The Senate’s budget proposal also assumes $600,000 in HEN and ABD incapacity exam savings due to Medicaid expansion. This savings is transferred to the operating budget’s general fund. We are concerned that this saving assumption is too high, and we believe any savings should be reinvested back into HEN and ABD rather than the general fund.

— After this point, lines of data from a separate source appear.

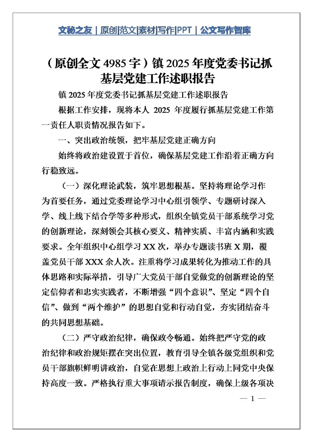 今天聊《镇2025年度党委书记抓基层党建工作述职报告》的写作角度,它完全贴着镇党委书记的岗位——抓“政治统领”里的理论武装、纪律规矩,落“固本强基”的支部建设,连责任传导用“考核挂钩、约谈提醒”的镇域管理逻辑,没半点虚的。
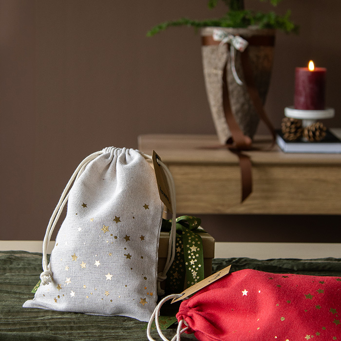 sustainable gift packaging made of fabric, reusable, washable
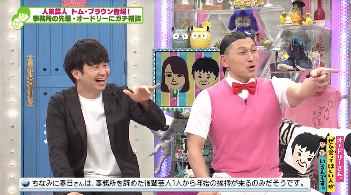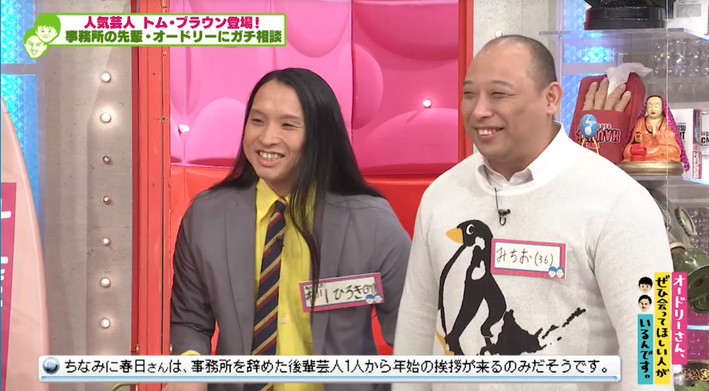 ともにケイダッシュステージという事務所に所属するオードリーとトム・ブラウン。「(『オドぜひ』は)ケイダッシュの若手に、もうちょっと見向きをしてほしい」とみちおさんはオードリーに相談を持ちかけます。
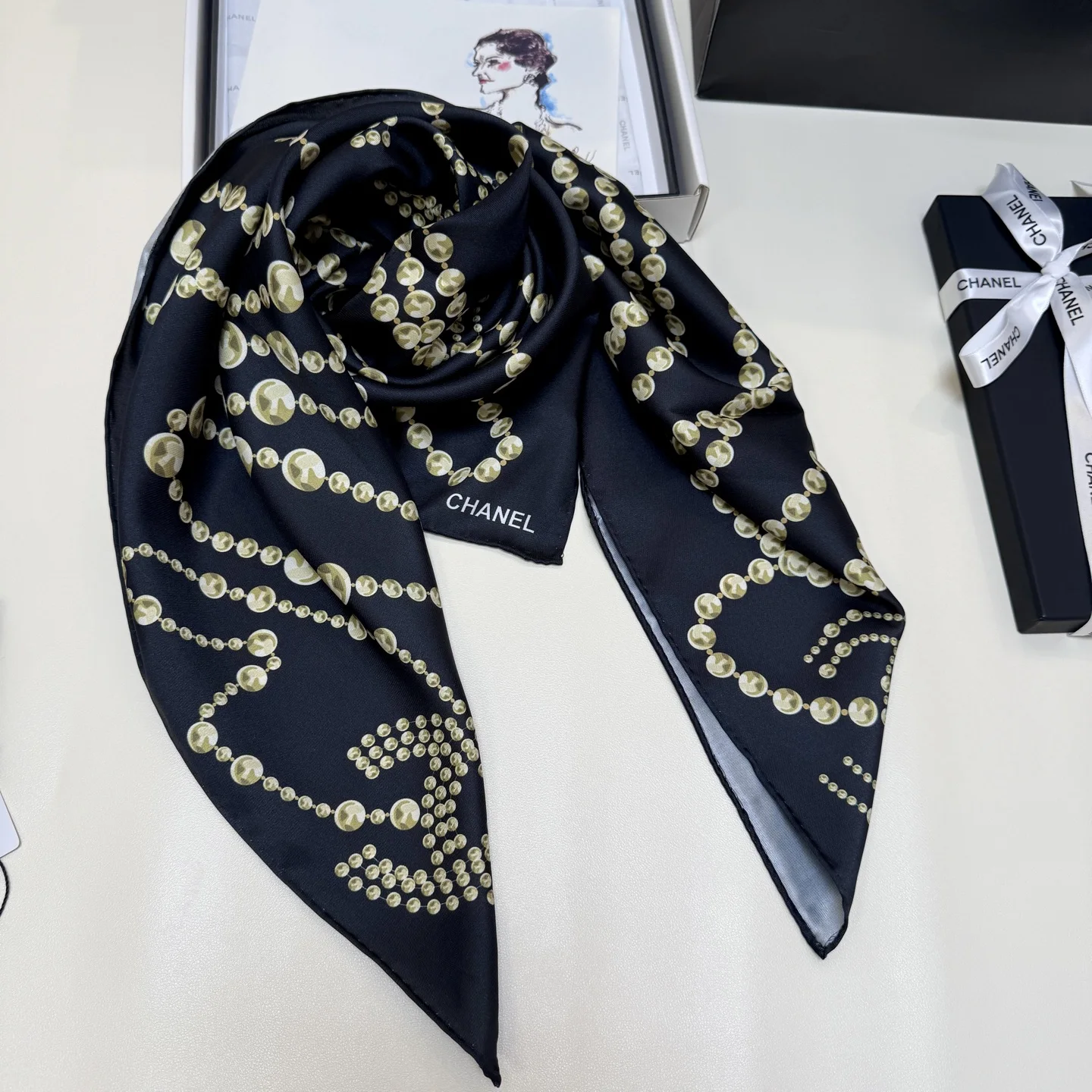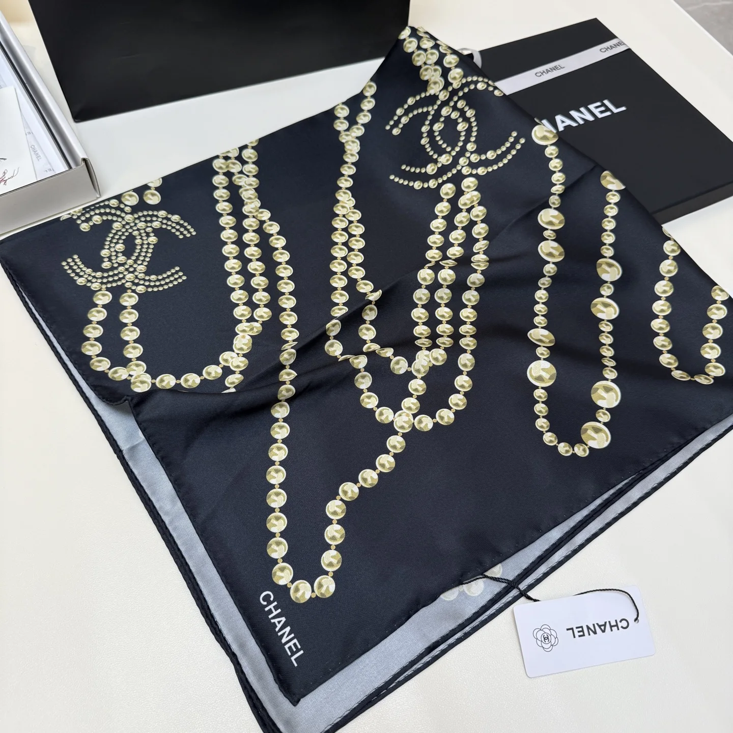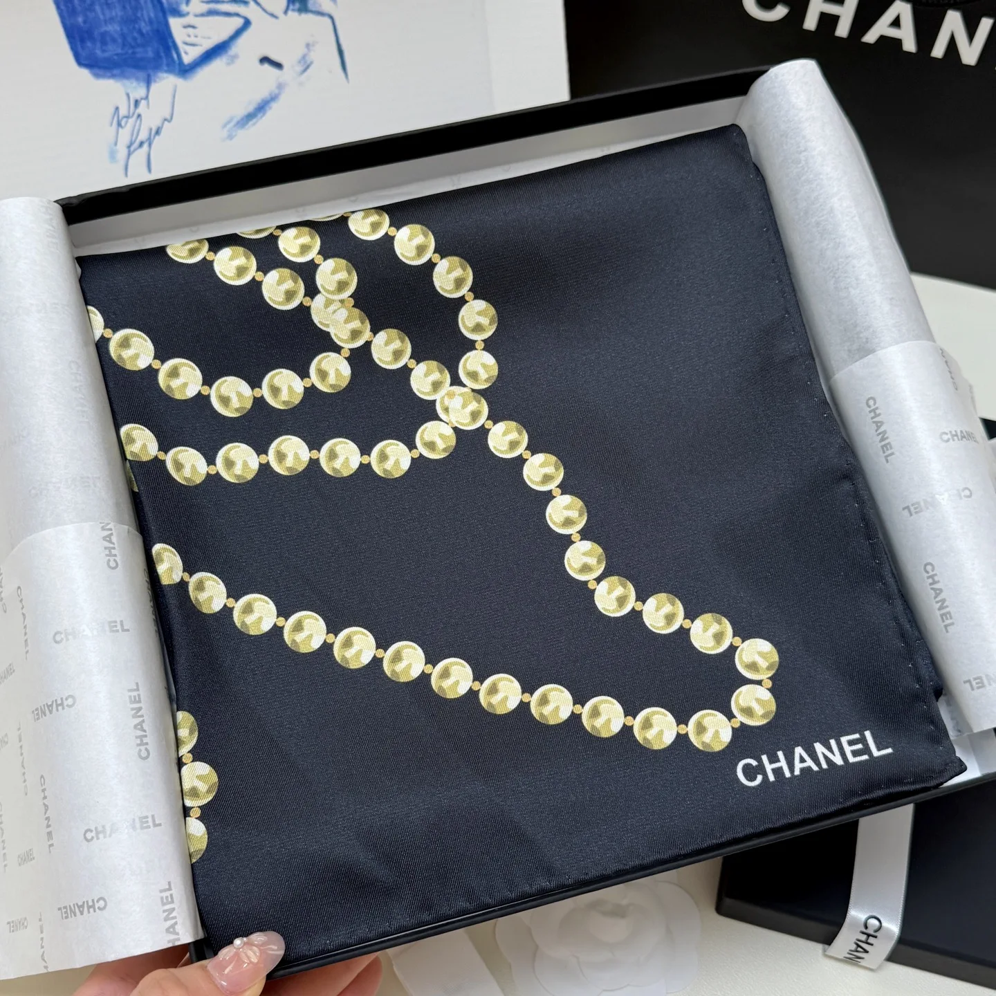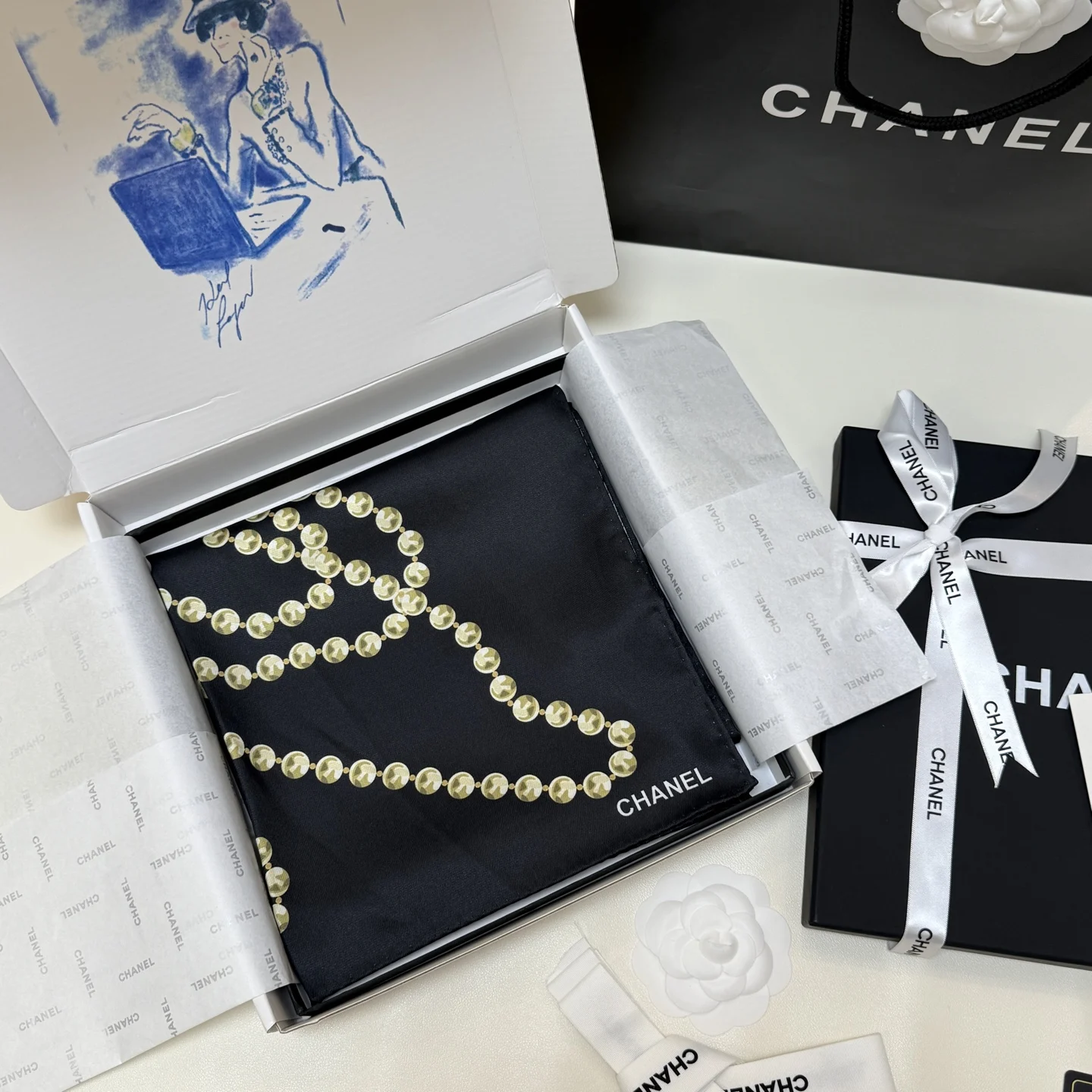 The actual product is a super beautiful pearl pattern silk scarf. It feels like Chanel hasn t released such a beautiful scarf in a long time; the pearl scarf from Chanel is truly exceptional.
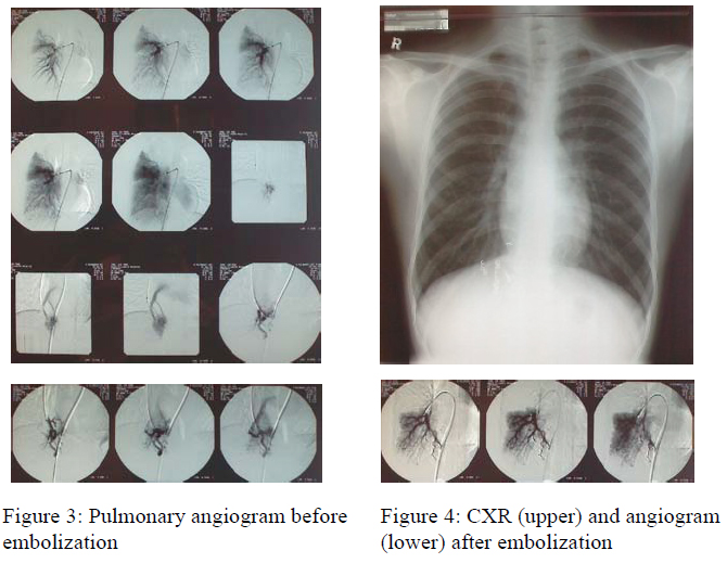 Shunt fraction measurement is commonly measured by the 100% oxygen method. Radionuclide perfusion lung scanning is another method for shunt fraction measurement. However, it is expensive and not routinely available in many centers5. Contrast-enhanced echocardiography is useful to look for any intra-cardiac or intra-pulmonary shunt. Computerized tomography of the chest evaluates PAVM vascular anatomy and is very sensitive for PAVM detection8. Pulmonary angiography is the gold standard in the diagnosis of PAVM. It is used to define the angioarchitecture and is necessary if resectional or obliterative therapy is being considered 9.

The Housing Alliance urges the legislature to pass SB 6573 and to reinvest its savings into HEN. Any incapacity exam savings should be reinvested back into HEN and ABD. 

 

 

SHB 2537 - The Fair Tenant Screening Act

SHB 2537 by Representative June Robinson (38th LD) had a hearing on Thursday in the Senate, but the committee chair, Senator Jan Angel (26th LD), refused to bring it up for a vote. This means that the bill has died because last Friday was the cutoff for bills to leave a policy committee. But not all is lost. The bill had a long journey and we educated a lot of lawmakers on the importance of this issue along the way. Our sponsors and allies in the legislature are frustrated by the landlord lobby’s opposition and are ready to keep the fight going in 2015. We’ve also made in-roads with some stakeholders who were previously opposed and we will hit the interim running to move this and other tenant protections forward. Representative Robinson, Senator David Frockt (46th LD), tenant advocate Thomas Green, the YWCA of Seattle/King/Snohomish Counties, Solid Ground, the Tenants Union, Columbia Legal Services, Partners for Our Children, parent testifiers Jason and Lila, and more, have all worked hard on this bill. We think it is safe to say that none of us are giving up, and we will be back in 2015 to eliminate this unfair and unnecessary barrier to housing.

 

ESHB 2368 - The Homeless Housing and Assistance Surcharge

As those of you who have read any of the flurry of news articles on this (see the list below), last week was very dramatic for this important bill. Here is a quick recap:

Thursday
ESHB 2368 was scheduled for executive session in the Senate Financial Institutions, Housing & Insurance (FIHI) Committee (being scheduled for executive session is typically needed in order to get a committee vote). But FIHI Co-chair Senator Jan Angel (26th LD) abruptly adjourned the committee before allowing a vote on it. TVW cutoff but we were able to get the audio and that recorded Senator Don Benton (17th LD), Senator Sharon Nelson (34th LD), and FIHI Co-chair Steve Hobbs (44th LD) in a heated disagreement with Senator Angel. Unfortunately, she was obstinate and would not reopen committee. Also, Senator Benton made it known at that moment that he was indeed planning on attaching a very bad amendment to the bill. This was a surprise because by all accounts he had withdrawn it. The amendment would have both fees sunset together in 2020, make the 45% set-aside of the state’s portion permanent, limit that set-aside only to for-profit landlords (explicitly excluding nonprofits), and add a host of other extremely problematic requirements.

Friday
Senator Nelson (34th LD) with her caucus colleagues, attempted a floor procedure called a “ninth order” in which a bill can be pulled straight from a committee to the floor for a vote. Unfortunately the motion failed along party lines 26 to 23, but this action raised the profile of the bill dramatically. In a statement by Senator Nelson’s caucus Senator Christine Rolfes and Senator Steve Hobbs had these fierce comments to share:

"In my district, and in districts across the state, this is the most important source of funding we have to help the homeless. People are playing politics with an issue that should be supported by everyone. There shouldn’t even be a second thought."
Senator Christine Rolfes (23rd LD)
"To simply do away with a primary source of funding that actually helps solve the homeless problem is ignorant at best and evil at worst."
Senator Steve Hobbs (44th LD)

You can also watch the Ninth Order action here:

We are not done yet! Because of both the amazing advocacy coming on this issue from all over the state and because of last week's drama, the bill has received a lot of media and public attention. This helps us enormously in our efforts to seek other means of getting the bill passed. Stay tuned for updates and next steps and please help us keep the pressure on by making a call to your lawmakers today (if you didn’t on Friday). And please get others to join you in your advocacy.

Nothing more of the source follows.